DOHA (Reuters) – American Kenneth Bednarek edged out Canadian André De Grasse by one hundredth of a second in a scintillating 200 metres race at Friday’s Doha Diamond League meeting on a night when Kenyans dominated the middle-distance competitions.
Bednarek was pushed all the way but won in 19.88 ahead of De Grasse whose compatriot Aaron Brown was third (20.25) on a hot and humid night in the Qatari capital.
Bednarek was delighted with the win even though he said he was “a bit nervous. But I am excited that I got in the first place. I’ll try to be even better again the next time.”
De Grasse saw the race as a step in the right direction. “I’ll try to do better in the next one, and I am happy (to go to) Tokyo (for the Olympics),” he said.
In the other highly anticipated race, Jamaica’s Shelly-Ann Fraser-Pryce, the double Olympic champion and multiple world champion, won the 100m, putting behind her a disappointing fourth-place finish in Gateshead last Sunday.
Fraser-Pryce, 34, ran 10.84 seconds ahead of Nigeria’s Blessing Okagbare (10.90) with America’s Javianne Oliver finishing third (11.03).
Kenyans dominated the middle-distance races on a night when athletes competed without spectators due to COVID-19 restrictions, although music from the stadium’s loudspeakers provided some semblance of an atmosphere.

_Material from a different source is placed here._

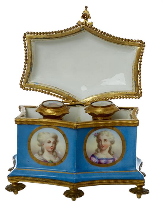 Embellished with cartouche of Marie Antoinette on a turquoise ground, with gilt metal mounts, fitted with enamel and gilt brass mounted glass ink bottles, 13cm width 10cm high.

Men’s 1,500m world and three-time Diamond League champion Timothy Cheruiyot ran a patient race to win in a world leading time of 3:30.48 to kick-start his season.
“It was a very good race, anyone could have won,” Cheruiyot said. “My next focus is Monaco.”
Australia’s second-placed Stewart McSweyn ran a season’s best 3:31.57, with Morocco’s Soufiane El Bakkali coming home third with a personal best time of 3:31.95. In the women’s 800m, Kenya’s Faith Kipyegon nudged through on the inside to secure an impressive win with a time of 1:58.26 for the 1,500m Olympic champion and world silver medallist.
Jamaica’s Natoya Goule finished second in 1:59.70 and Rababe Arafi of Morocco was third with 1:59.83.
“I did my personal best here in Doha, so it’s really, really great to be here,” Kipyegon said. “I am training so hard and hoping to do my best, so I am putting all my mind on it. The pandemic wasn’t easy but we always try to be great.”
Another Kenyan, 21-year-old Beatrice Chebet, won the 3,000m with a world leading time of 8:27.49 sprinting ahead of Hellen Obiri, the twice world 5,000m champion, who faded towards the end of the race and finished a disappointing fourth.
Margaret Kipkemboi came second with a season’s best of 8:28.27 while Lilian Rengeruk ran a personal best of 8:28.96 to finish third as Kenyans took the first five places.
“It’s my first time winning in the Diamond League and here in Doha,” Chebet said. “I didn’t expect to win. I did well today and now I am preparing for the Olympics.”
Chebet said she hoped to run the 5,000m in Tokyo.